I am at wits end trying to knock back a very stoloniferous weed in my zoysia, can someone help identify this weed? At first I thought it was crab grass, however now I am thinking it is actually more like St. Augustine grass. Any help would be appreciated.

So far it has not responded to Quinclorac, Image Southern Lawn Weed killer (Propylene Glycol, Dimethylamine), or Image Nutsedge Killer. I did have it turn almost 90% brown in early March with a prodiamine application, however since then it has been strong and healthy and covers about 500 sq ft area.


----------



## Stradguy93 (9 mo ago)




----------



## ionicatoms (Mar 8, 2020)

Could be centipede.


----------



## TJR (Nov 25, 2020)

The resistance traits that you bring up, plus its recovery from weakening-makes me wonder if you may have Dallisgrass in that area of your lawn.


----------



## Stradguy93 (9 mo ago)

Thanks for the replies

It is very low lying, stoloniferous and dense.
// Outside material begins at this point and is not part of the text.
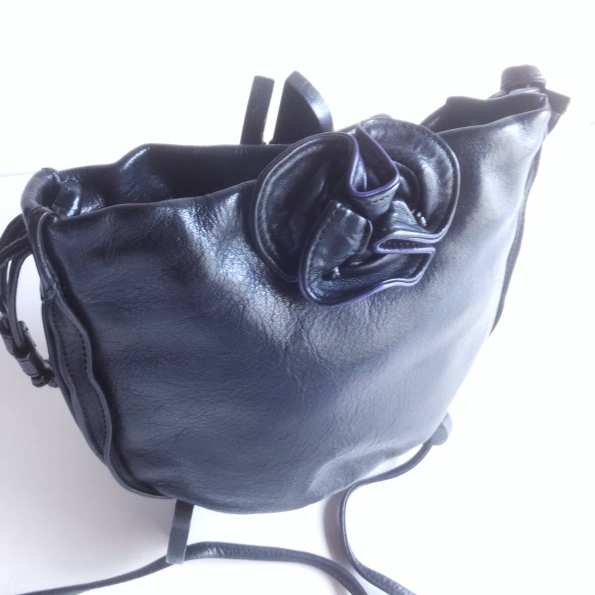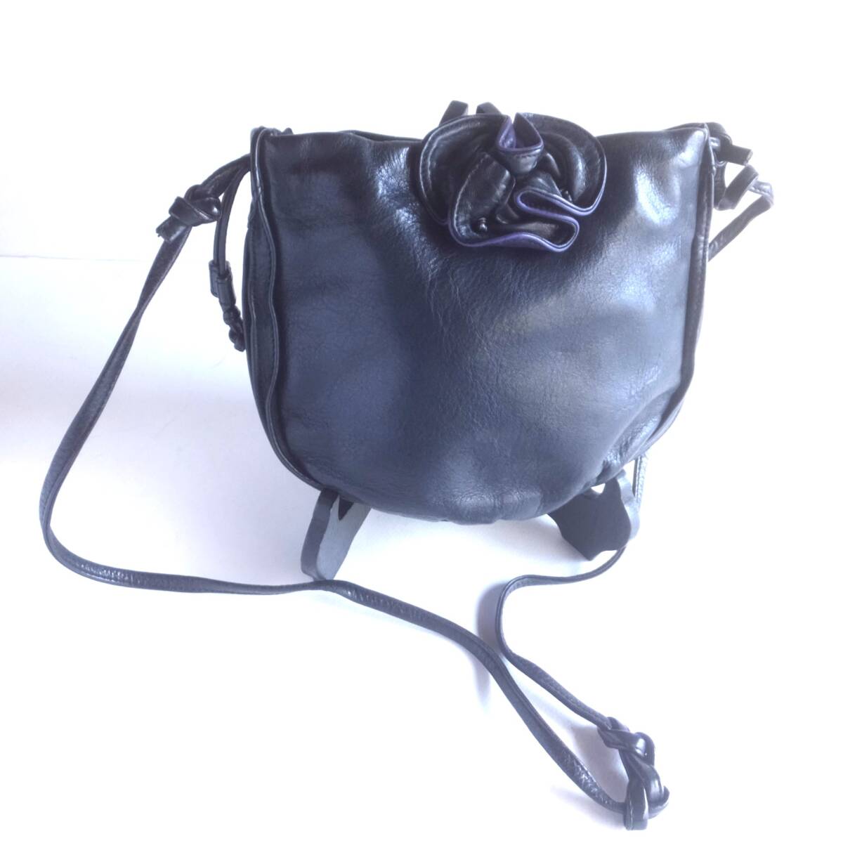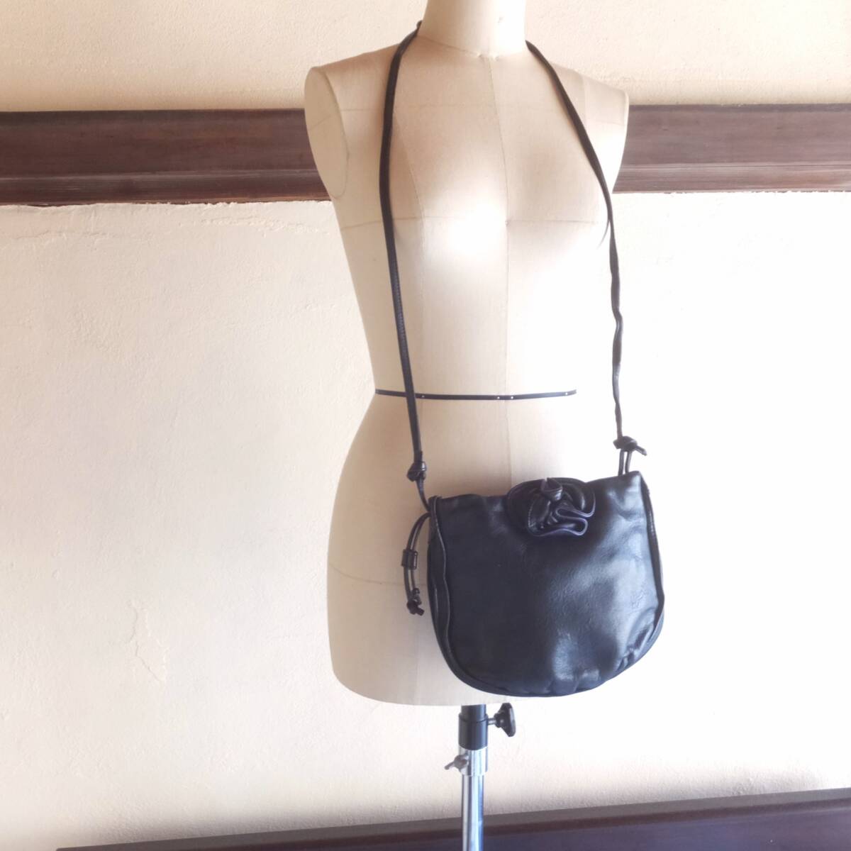 IBIZA イビザ 薔薇の花モチーフ付き レザーポーチ ショルダーバッグ バラ 本革鞄 黒 ブラック

The grass or weed seems to be very established in this area (purchased the house 8 months ago so prior lawn history is an unknown.) I DO have centipede grass in a section of my lawn about 30 yards away, however there is no centipede grass between this patch of unknow grass/weed and that section of the lawn; they are also separated by a retaining wall. I have successfully knocked back all crab grass and other weeds so far, this is the only thing left. 
I scalped the yard about a month back and this weed/grass was so low lying that my mower didn't even touch it at its lowest setting. I have some Fusilade II on the way and will test it out on an area and see if it works, from what I have read if it is Centipede it should knock it back without harming my zoysia.


----------